BACKGROUND OF THE DISCLOSURE
1. Field of the Disclosure
The disclosure relates to an overload protection mechanism and an image detection device and, more particularly, to an overload protection mechanism capable of preventing a device from toppling over due to overload and an image detection device equipped with the overload protection mechanism.
2. Description of the Prior Art
At present, some devices (e.g. skin detection device) are equipped with an arm, so as to perform operation by extending the arm. In general, the device equipped with the arm has to pass safety test before delivery. For example, the arm of the skin detection device should be able to bear weight over 80 kilograms without toppling over when the arm extends to the maximum length. To pass the aforesaid safety test, the prior art increases the size of a host device of the skin detection device. However, the larger the size of the host device is, the heavier the skin detection device is and the more the space is occupied by the skin detection device.
SUMMARY OF THE DISCLOSURE
The disclosure provides an overload protection mechanism capable of preventing a device from toppling over due to overload, so as to solve the aforesaid problems.
According to an embodiment of the disclosure, an overload protection mechanism comprises a first accommodating member, a second accommodating member, a force storage member and an object. The second accommodating member is rotatably disposed on the first accommodating member. The force storage member is disposed between the first accommodating member and the second accommodating member. Opposite ends of the force storage member are connected to the first accommodating member and the second accommodating member. The object is connected to the second accommodating member. When an external force is exerted on the object and a torque generated by the external force is larger than a torque provided by the force storage member, the external force forces the object to drive the second accommodating member to rotate with respect to the first accommodating member.
According to another embodiment of the disclosure, an image detection device comprises a host device, an image sensing module and an overload protection mechanism. The image sensing module senses an image information and transmits the image information to the host device. The overload protection mechanism is disposed on the host device. The overload protection mechanism comprises a first accommodating member, a second accommodating member, a force storage member and an object. The second accommodating member is rotatably disposed on the first accommodating member. The force storage member is disposed between the first accommodating member and the second accommodating member. Opposite ends of the force storage member are connected to the first accommodating member and the second accommodating member. The object is connected to the second accommodating member. The image sensing module is disposed on the object. When an external force is exerted on the object and a torque generated by the external force is larger than a torque provided by the force storage member, the external force forces the object to drive the second accommodating member to rotate with respect to the first accommodating member.
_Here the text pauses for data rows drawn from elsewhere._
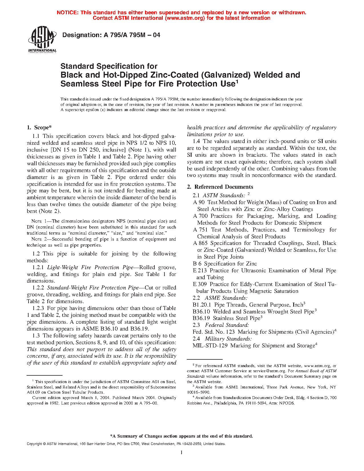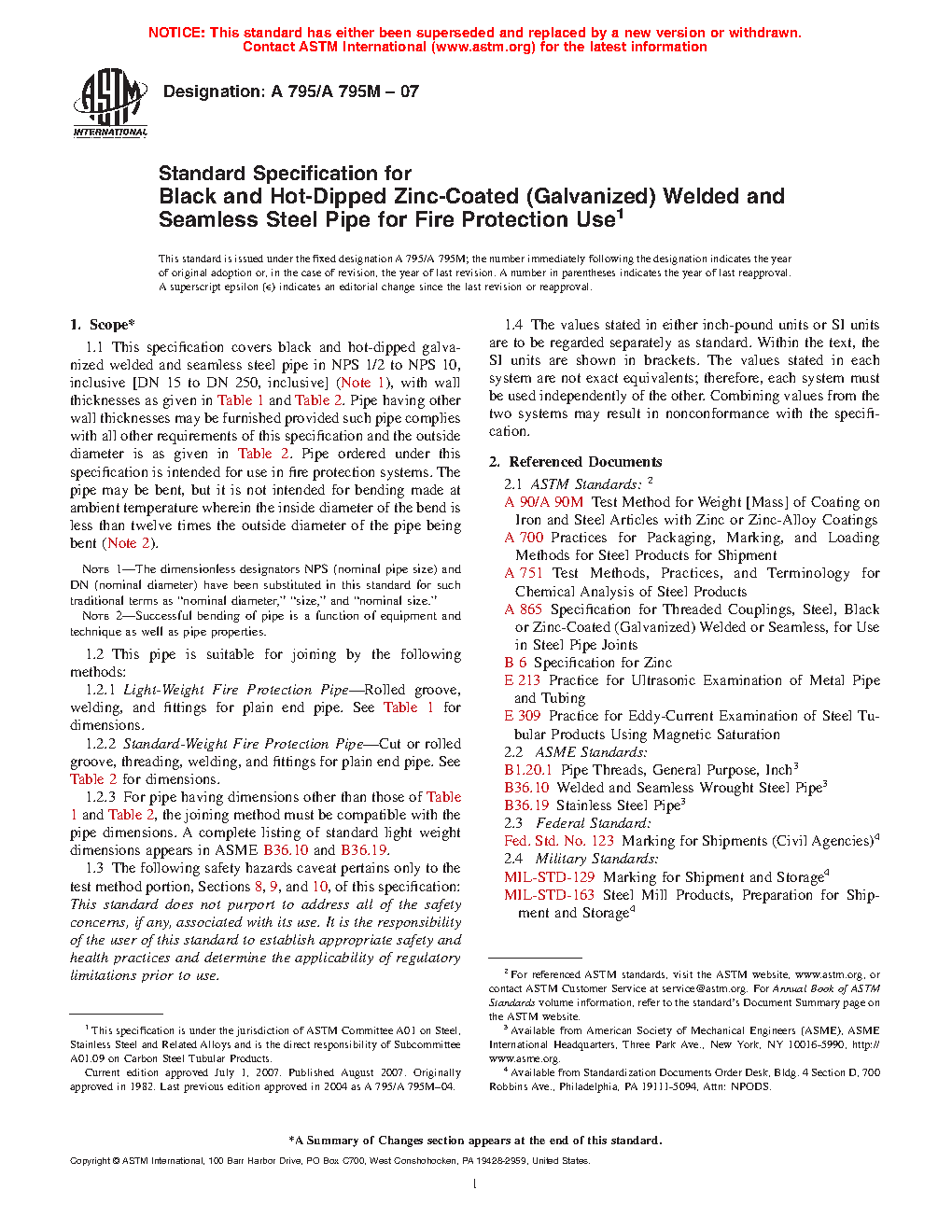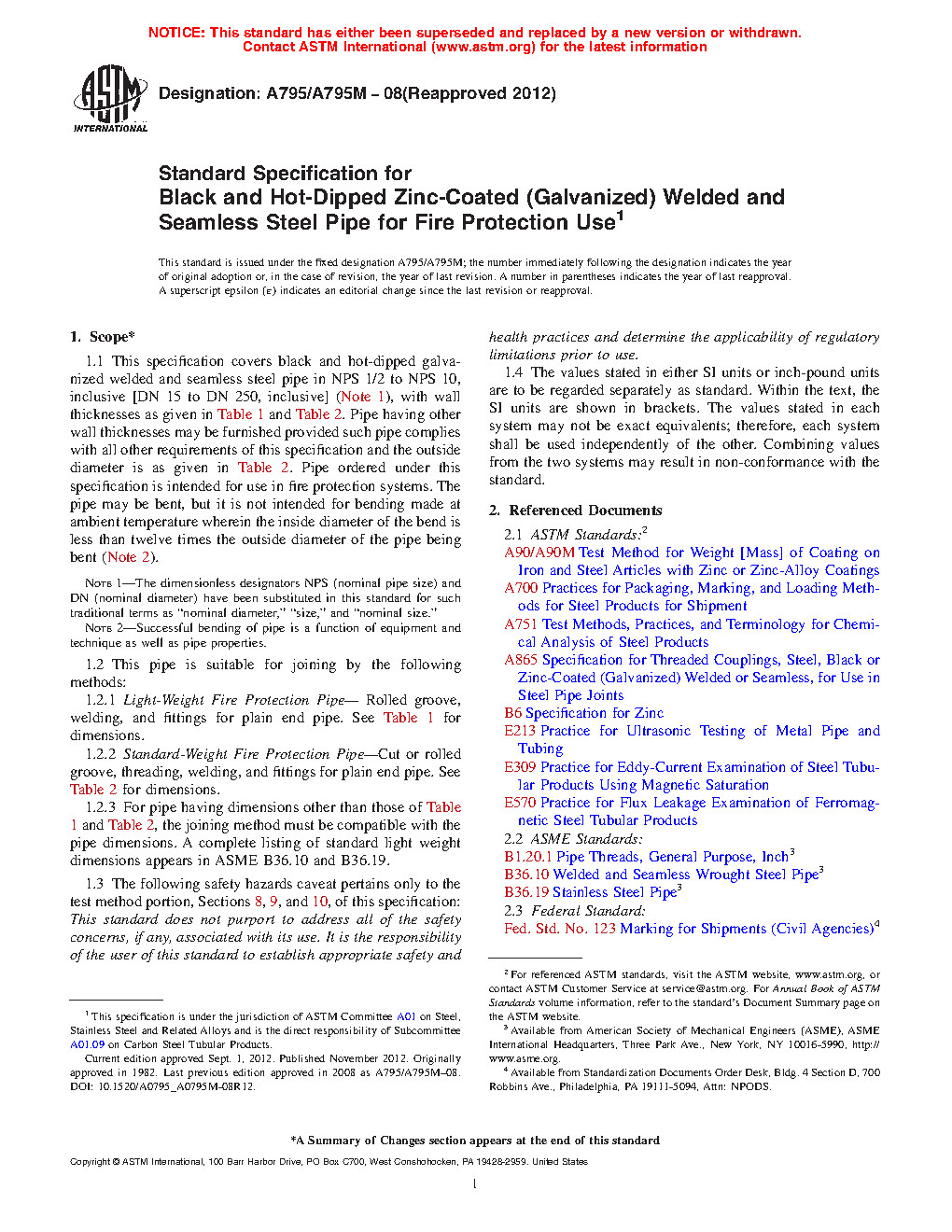 1.2.1 Light-Weight Fire Protection Pipe—Rolled groove, welding, and fittings for plain end pipe. See Table 1 for dimensions.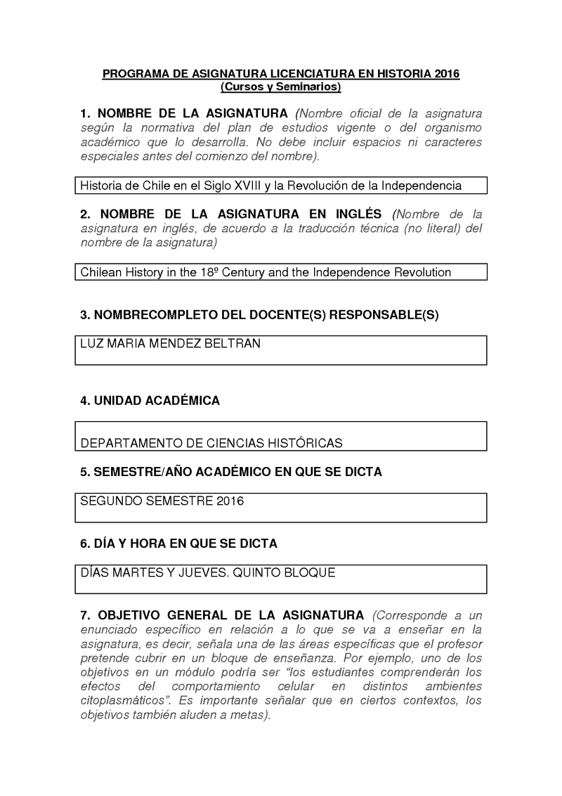 386300413-1 Historia de Chile en el Siglo XVIII y la Rev. de la Independencia 2016, Segundo Semestre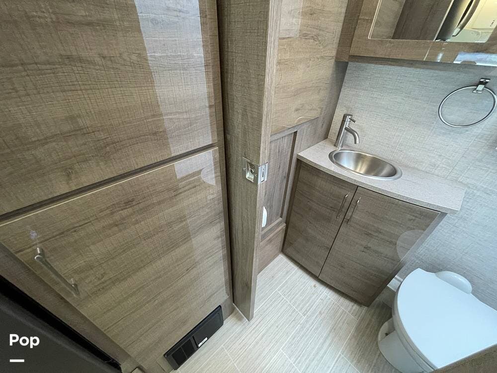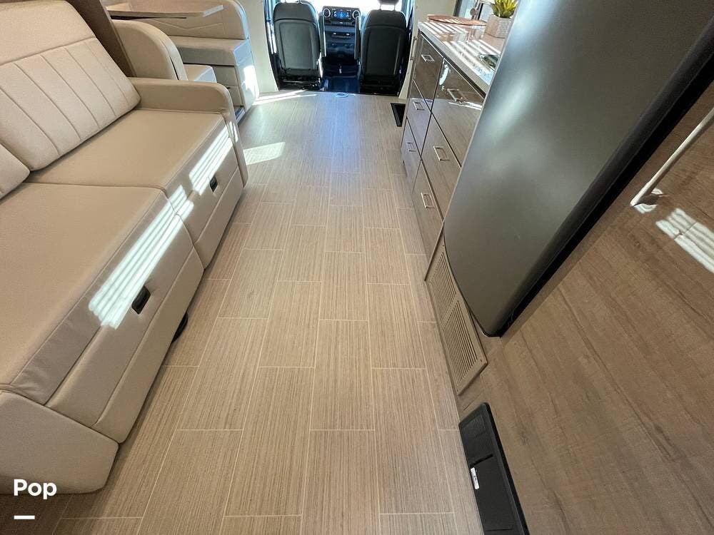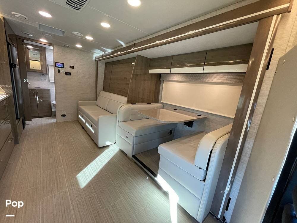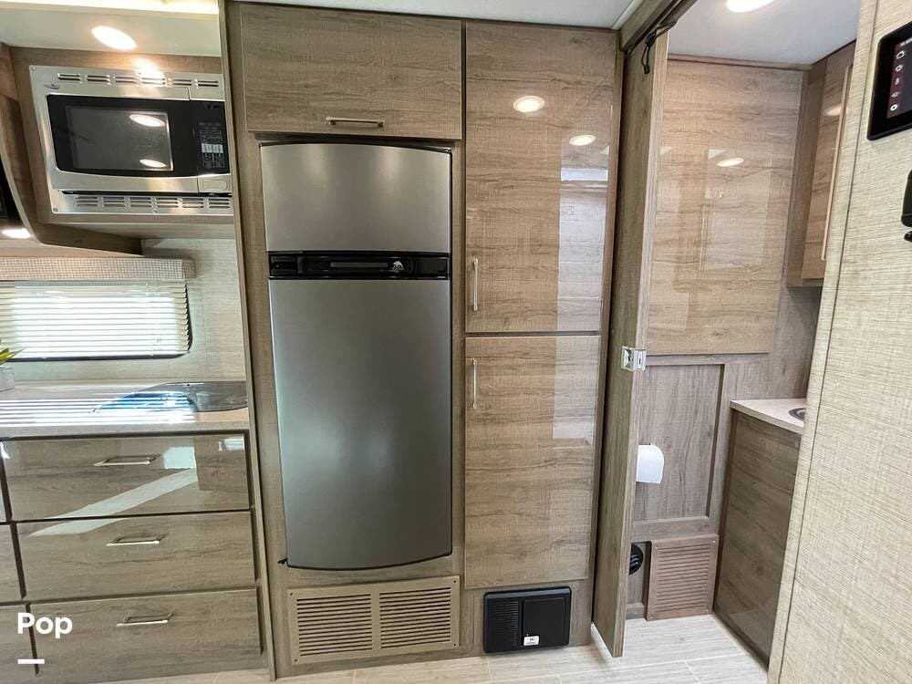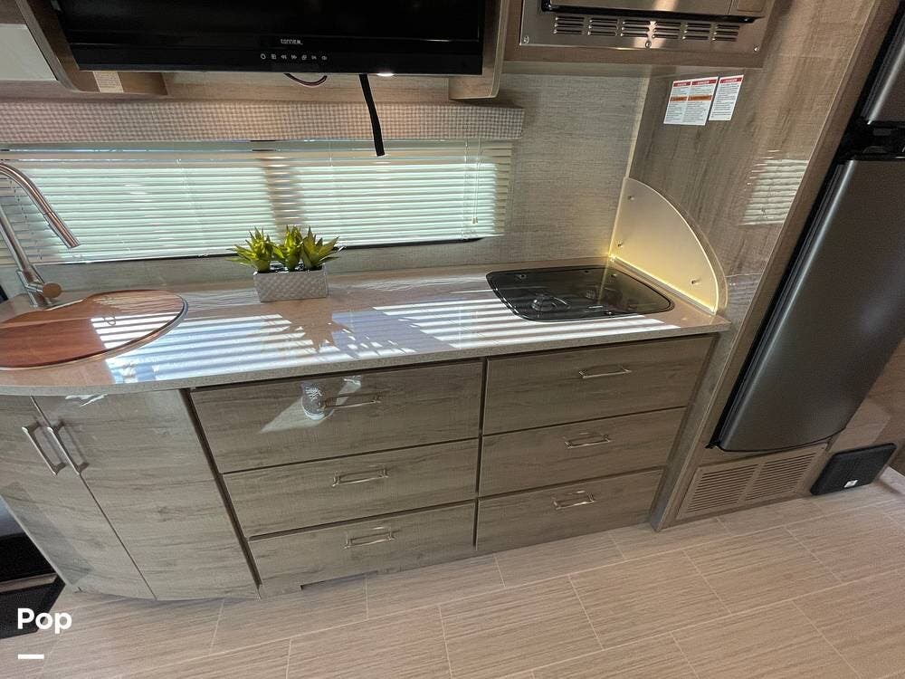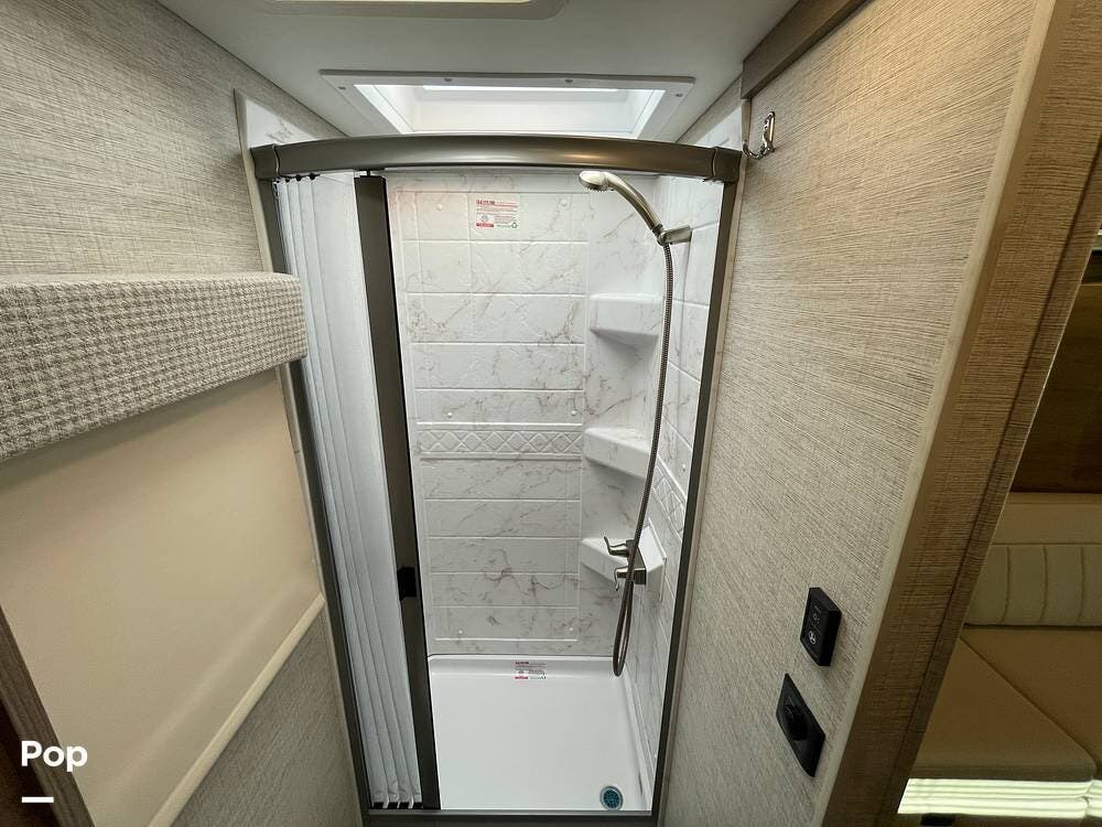 This 2022 Melbourne Prestige 24RP has been used lightly and has very low mileage. It is nicely appointed with a comfortable dinette sleeper, full kitchen, Murphy bed sofa, and full bathroom. It is also equipped with a diesel generator, hydraulic levelers, and lots of storage.

As mentioned in the above, the overload protection mechanism of the disclosure is adapted to the image detection device or other devices, so as to prevent the device from toppling over due to overload. In practical applications, the first accommodating member of the overload protection mechanism may be connected to the host device of the device. The torque provided by the force storage member may be preset to be a specific value (e.g. the torque generated by the external force not toppling the device) according to practical requirement. When the torque generated by the external force exerted on the object is smaller than or equal to the torque provided by the force storage member, the object stays motionless. When the torque generated by the external force exerted on the object is larger than the torque provided by the force storage member, the external force forces the object to drive the second accommodating member to rotate with respect to the first accommodating member. Accordingly, the device will not topple over due to excess external force exerted on the object.
These and other objectives of the present disclosure will no doubt become obvious to those of ordinary skill in the art after reading the following detailed description of the preferred embodiment that is illustrated in the various figures and drawings.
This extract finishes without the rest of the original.